Kejahatan Miras
Gubernur DKI Jakarta
Basuk Tjahaja Purnama (Ahok) adalah sosok yang cukum fenomenal dalam beberapa
bulan terakhir. Betapa tidak, Gubernur DKI Jakarta tersebut adalah sosok tokoh
publik yang cukup terkenal dengan sikap frontal dan sakleknya untuk merespon segala
permasalahan yang ada. Perhatian publik dimulai sejak dari tanggapanya terkait
interpelasi DPRD Jakarta terhadap surat edaran Mendagri, kebijakanya dalam
menyambut hari raya idhul adha, statmenya terkait ormas tertentu, hingga
sekarang terkait pendapatnya yang mengharuskan legalitas Minuman Keras di
Jakarta.
Ahok selama ini memang
dikenal sebagai tokoh publik yang cukup tegas, dan tidak gentar terhadap
suara-suara miring yang menyertainya sebagai Gubernur pengganti Jokowi. Namun
lebih dominan selama ini adalah sikap terlalu beraninya menantang arus terhadap
opini publik yang menyebabkan banyak kecaman ditujukan kepadanya.
Sosok penting di
kancah eksekutif otonomi DKI Jakarta juga menjadikan dirinya sebagai bahan
acuan kelayakan keberjalanan kepemimpinan Jakarta. Oleh sebab tokoh yang sangat
penting, maka tak jarang mendapatkan kritik serta saran yang tertuju padanya
hingga sampai dalam bentuk gubernur tandingan yang mencuat beberapa pekan yang
lalu.
Selain sebagai darah
thionghowa pertama yang memimpin DKI Jakarta, Ahok juga adalah Gubernur pertama
DKI Jakarta yang statmen politiknya selalu memancing respon legislatif
meradang. Hampir dikatakan bahwa Ahok terlihat tak bersahabat dengan
legislatif. Tak terkecuali dengan kebijakanya yang belum lama ini terkait
Legalitas Miras.
Setidaknya Anggota
Komisi IX DPR RI, Okky Asokawati menilai, pernyataan Gubernur DKI Jakarta Basuk
Tjahaja Purnama (Ahok) tentang legalitas Minuman Keras (Miras) merupakan
kesalahan fatal. "Pernyataan Ahok terkait respon atas fenomena miras
oplosan dengan solusi melegalkan pabrik miras merupakan kesalahan berpikir yang
sangat fatal. Pernyataan Ahok justru menunjukkan sikap yang tidak peka terhadap
masalah yang ditimbulkan akibat miras," kata Okky di Jakarta, Sabtu
(13/12/2014).
Jika ingin menekan
miras oplosan, kata politisi PPP itu, kuncinya di penegakan hukum oleh aparat. Dikatakan
mantan peragawati itu, negara telah mengatur peredaran Miras lewat Peraturan
Presiden No 74 Tahun 2013 tentang Pengendalian dan Pengawasan Minuman Beralkohol.

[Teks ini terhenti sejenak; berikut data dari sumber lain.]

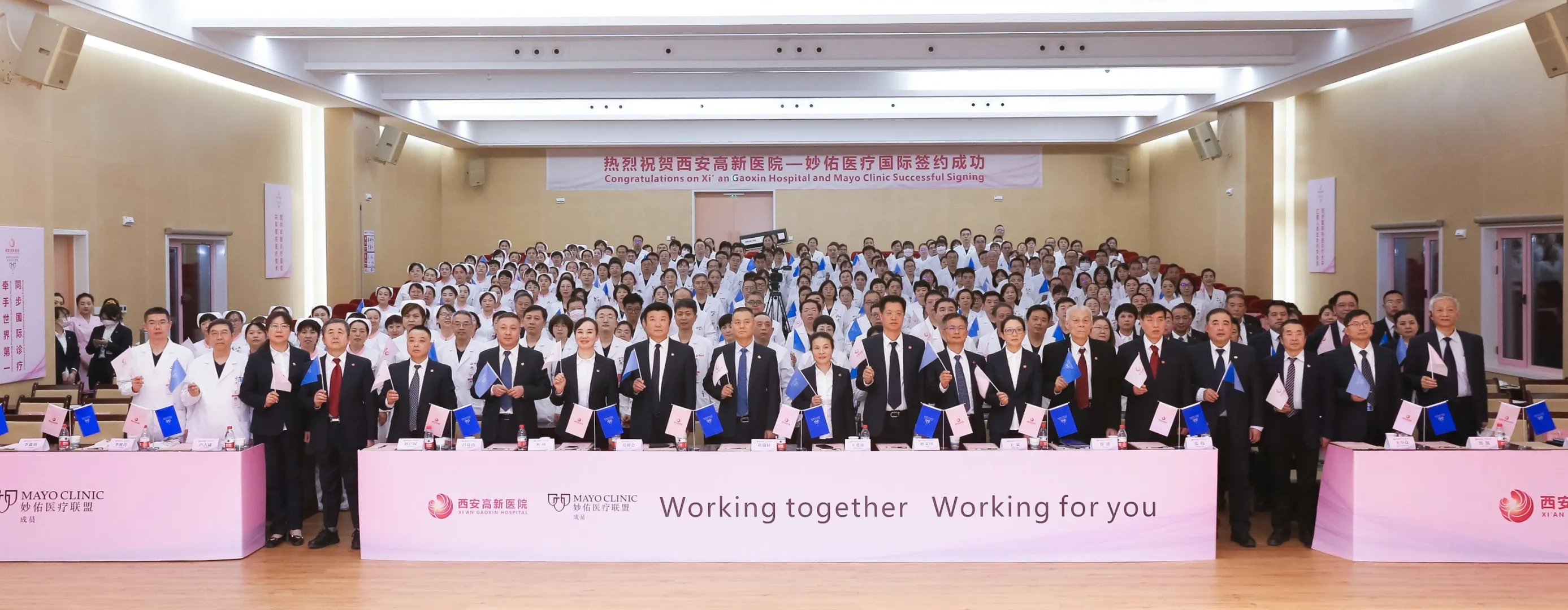 儀式上,妙佑醫療國際(Mayo Clinic)醫療執行總監思迪絲?瑞扎與西安國際醫學中心醫院院長尹強、西安高新醫院院長宋瑛共同簽署合作協議,并將聯盟醫院水晶杯授予兩家醫院。

Terhadap Perpres tersebut, Fraksi PPP sejak awal mengkritik regulasi tersebut
karena sama saja memberi celah peredaran miras di Indonesia.
Alkohol dan Dampaknya
Minuman keras atau
Alkohol yang dimaksud dalam pembahasan di sini ialah etil
alkohol atau etanol, suatu senyawa kimia dengan rumus C2H5OH (Hukum Alkohol
dalam Minuman). Penggunaan etanol sebagai minuman atau untuk penyalahgunaan
sudah dikenal luas. Karena jumlah pemakaian etanol dalam minuman amat banyak,
maka tidak mengherankan keracunan akut maupun kronis akibat etanol sering
terjadi.
Bila dikonsumsi berlebihan, minuman
beralkohol dapat menimbulkan efek samping Ganggguan Mental Organik (GMO), yaitu gangguan dalam fungsi
berpikir, merasakan, dan berprilaku. Timbulnya GMO itu disebabkan reaksi langsung
alkohol pada sel-sel saraf pusat. Karena sifat adiktif alkohol itu, orang yang
meminumnya lama-kelamaan tanpa sadar akan menambah takaran/dosis sampai pada
dosis keracunan atau mabuk.
Mereka yang terkena GMO biasanya
mengalami perubahan perilaku, seperti misalnya ingin berkelahi atau melakukan
tindakan kekerasan lainnya, tidak mampu menilai realitas, terganggu fungsi
sosialnya, dan terganggu pekerjaannya. Perubahan fisiologis juga terjadi,
seperti cara berjalan yang tidak mantap, muka merah, atau mata juling.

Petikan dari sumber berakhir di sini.